*Work instruction*
All the data below goes into the copy word for word, but the pictures don't.

Data Block Start

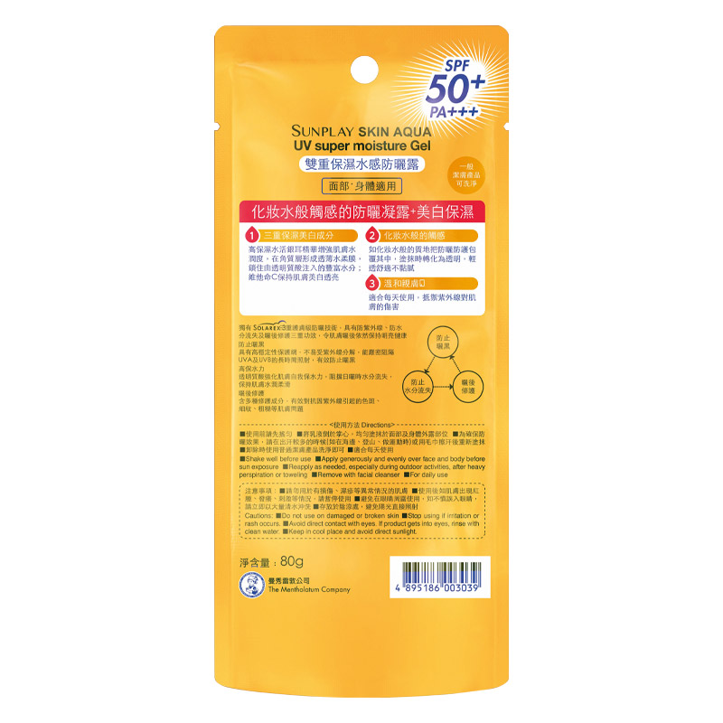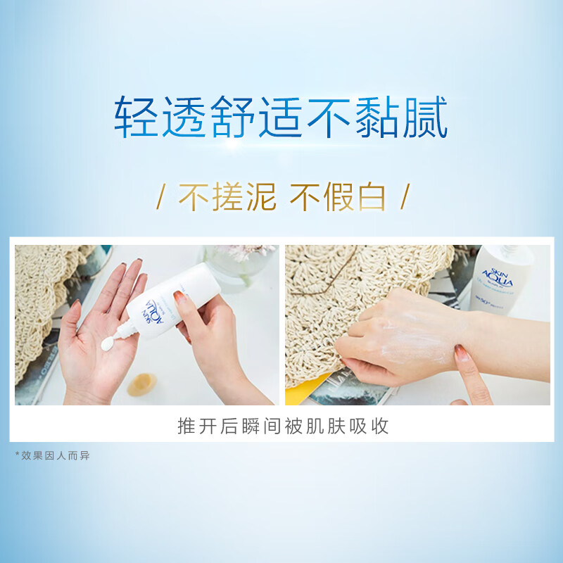 Mentholatum曼秀雷敦是国内知名度超高的平价护肤品牌,这款Mentholatum 曼秀雷敦 新碧双重保湿水感防晒露,采用了solarex-3三重护肤级防晒技术,具有防紫外线、防止晒伤及晒后修护三重功效,防晒指数高、波段全,不会厚重、拔干,大量涂抹时脸部的泛白度也很轻微。颜色微黄,有着水润感的乳液质地,添加了纳米透明质酸、水活银耳精华、维C,上脸能感受到保湿度,防止日晒造成的水分流失,缓解黑色素形成,减淡色斑及痘印,非常适合混干皮、中性皮、干性皮使用,也适合身体防晒。
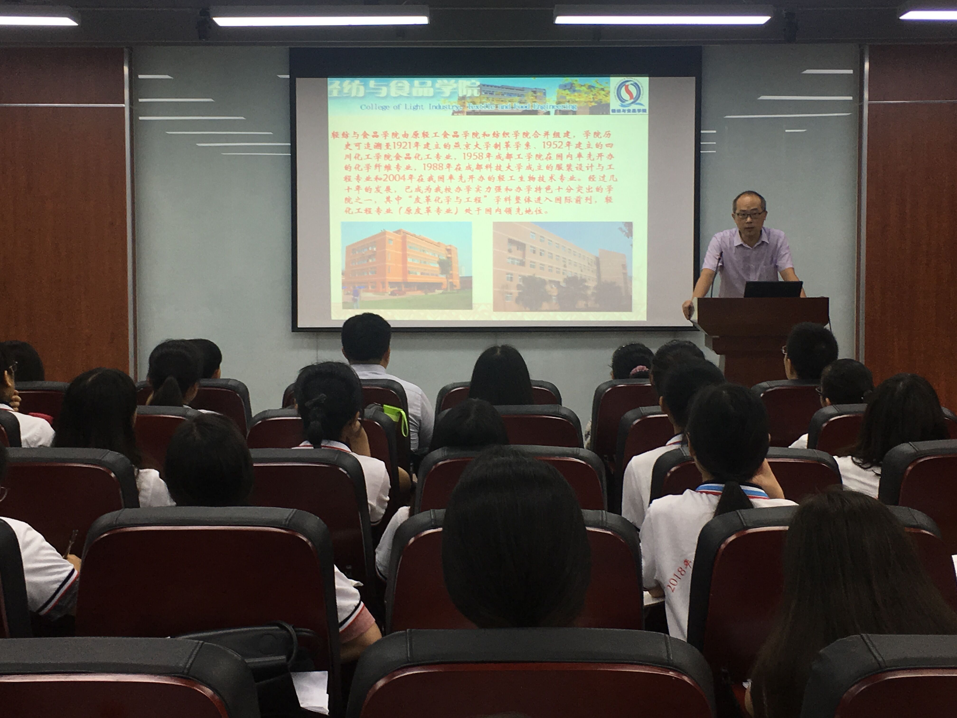 开营仪式于2018年7月23日上午8:30在皮革楼报告厅举行,参加本次开营仪式的有轻纺与食品学院党委书记刘晓虎副教授、副院长何强教授、国家级教学名师陈武勇教授、纺织与服装工程系系主任郭荣辉副教授、生物质与皮革工程系副系主任杨璐铭副教授、食品工程系副系主任迟原龙副教授以及学院党政办主任李慧老师、辅导员贺婷老师。首先,刘晓虎书记代表学院党政对来自全国各高校的44位营员表示热烈欢迎,并对为本次夏令营举行付出辛勤努力的各位老师表示感谢;同时,刘书记介绍了我校作为双一流建设A类高校,bw必威西汉姆联官网也积极牵头先进轻工技术与环境保护一流学科平台建设,在此平台上,我们更需要优秀的研究生生源为双一流建设贡献力量。最后,刘书记对所有营员提出三点希望:一是要珍惜本次交流学习机会,加强对我校学科的了解,并与兄弟学校同学们加强交流,取长补短;二是为共同举办好本次夏令营,请所有营员一定遵守学校的管理规定,安全有序举办好每一项活动;三是预祝同学们在此渡过愉快的时光,同时也预祝夏令营活动圆满成功。接下来,何强副院长从学校、学院的历史沿革,学院学科建设、师资队伍、科研平台以及国际交流等方面作了详细的介绍,让同学们对学校、学院的整体情况有了较为全面的了解。
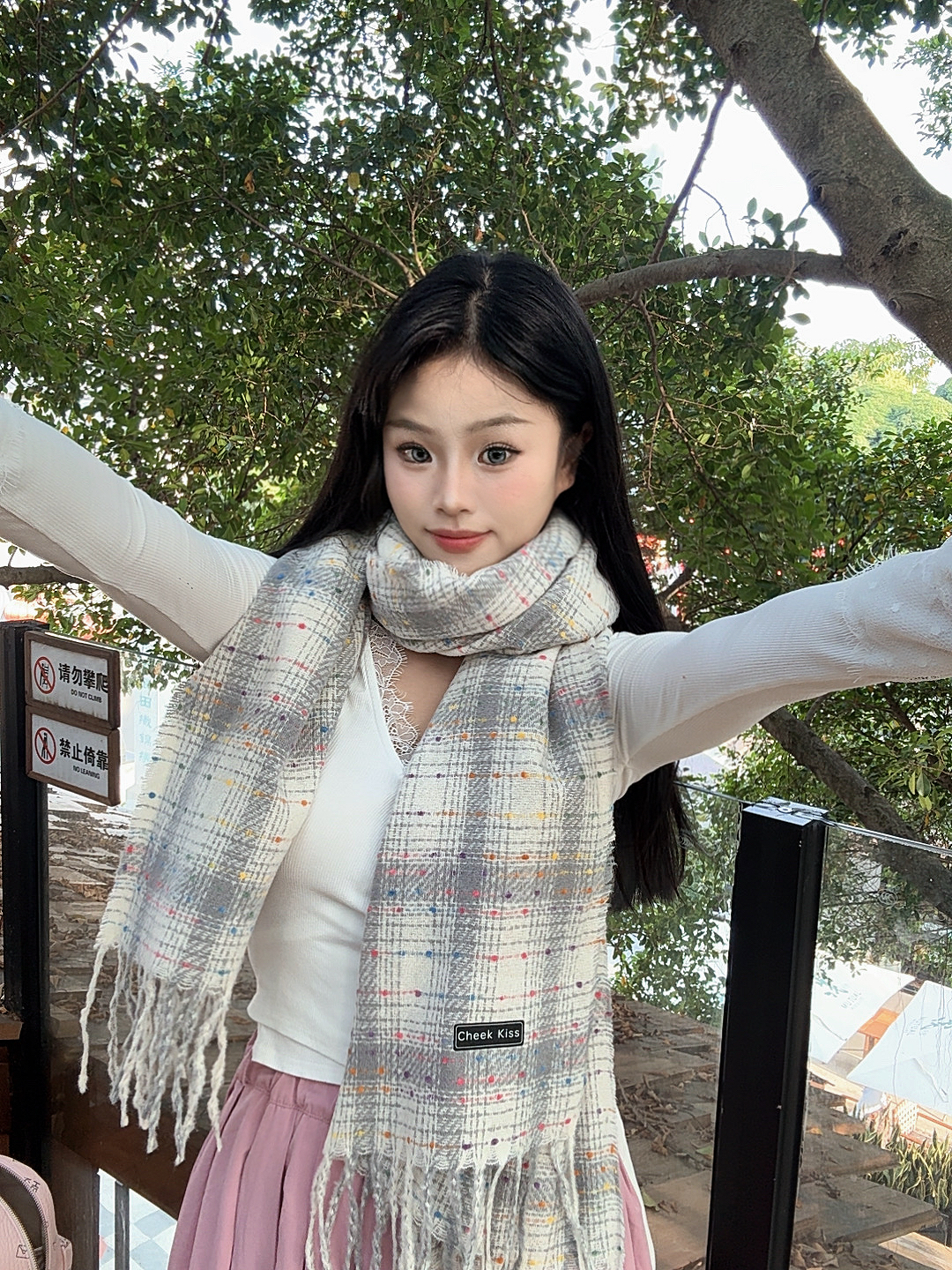 这围巾的格子图案,超级有韩版ins风哦,简约又时尚,随便一搭,就能感受到小众氛围感讷😉😉材质是绒线的,软软糯糯的,圣诞送礼🎁👍选择超用心的😘😘戴上超级舒服😌爱了爱了💕

Data Block End

*Problem solution*
 Mentholatum曼秀雷敦是国内知名度超高的平价护肤品牌,这款Mentholatum 曼秀雷敦 新碧双重保湿水感防晒露,采用了solarex-3三重护肤级防晒技术,具有防紫外线、防止晒伤及晒后修护三重功效,防晒指数高、波段全,不会厚重、拔干,大量涂抹时脸部的泛白度也很轻微。颜色微黄,有着水润感的乳液质地,添加了纳米透明质酸、水活银耳精华、维C,上脸能感受到保湿度,防止日晒造成的水分流失,缓解黑色素形成,减淡色斑及痘印,非常适合混干皮、中性皮、干性皮使用,也适合身体防晒。
 开营仪式于2018年7月23日上午8:30在皮革楼报告厅举行,参加本次开营仪式的有轻纺与食品学院党委书记刘晓虎副教授、副院长何强教授、国家级教学名师陈武勇教授、纺织与服装工程系系主任郭荣辉副教授、生物质与皮革工程系副系主任杨璐铭副教授、食品工程系副系主任迟原龙副教授以及学院党政办主任李慧老师、辅导员贺婷老师。首先,刘晓虎书记代表学院党政对来自全国各高校的44位营员表示热烈欢迎,并对为本次夏令营举行付出辛勤努力的各位老师表示感谢;同时,刘书记介绍了我校作为双一流建设A类高校,bw必威西汉姆联官网也积极牵头先进轻工技术与环境保护一流学科平台建设,在此平台上,我们更需要优秀的研究生生源为双一流建设贡献力量。最后,刘书记对所有营员提出三点希望:一是要珍惜本次交流学习机会,加强对我校学科的了解,并与兄弟学校同学们加强交流,取长补短;二是为共同举办好本次夏令营,请所有营员一定遵守学校的管理规定,安全有序举办好每一项活动;三是预祝同学们在此渡过愉快的时光,同时也预祝夏令营活动圆满成功。接下来,何强副院长从学校、学院的历史沿革,学院学科建设、师资队伍、科研平台以及国际交流等方面作了详细的介绍,让同学们对学校、学院的整体情况有了较为全面的了解。
 这围巾的格子图案,超级有韩版ins风哦,简约又时尚,随便一搭,就能感受到小众氛围感讷😉😉材质是绒线的,软软糯糯的,圣诞送礼🎁👍选择超用心的😘😘戴上超级舒服😌爱了爱了💕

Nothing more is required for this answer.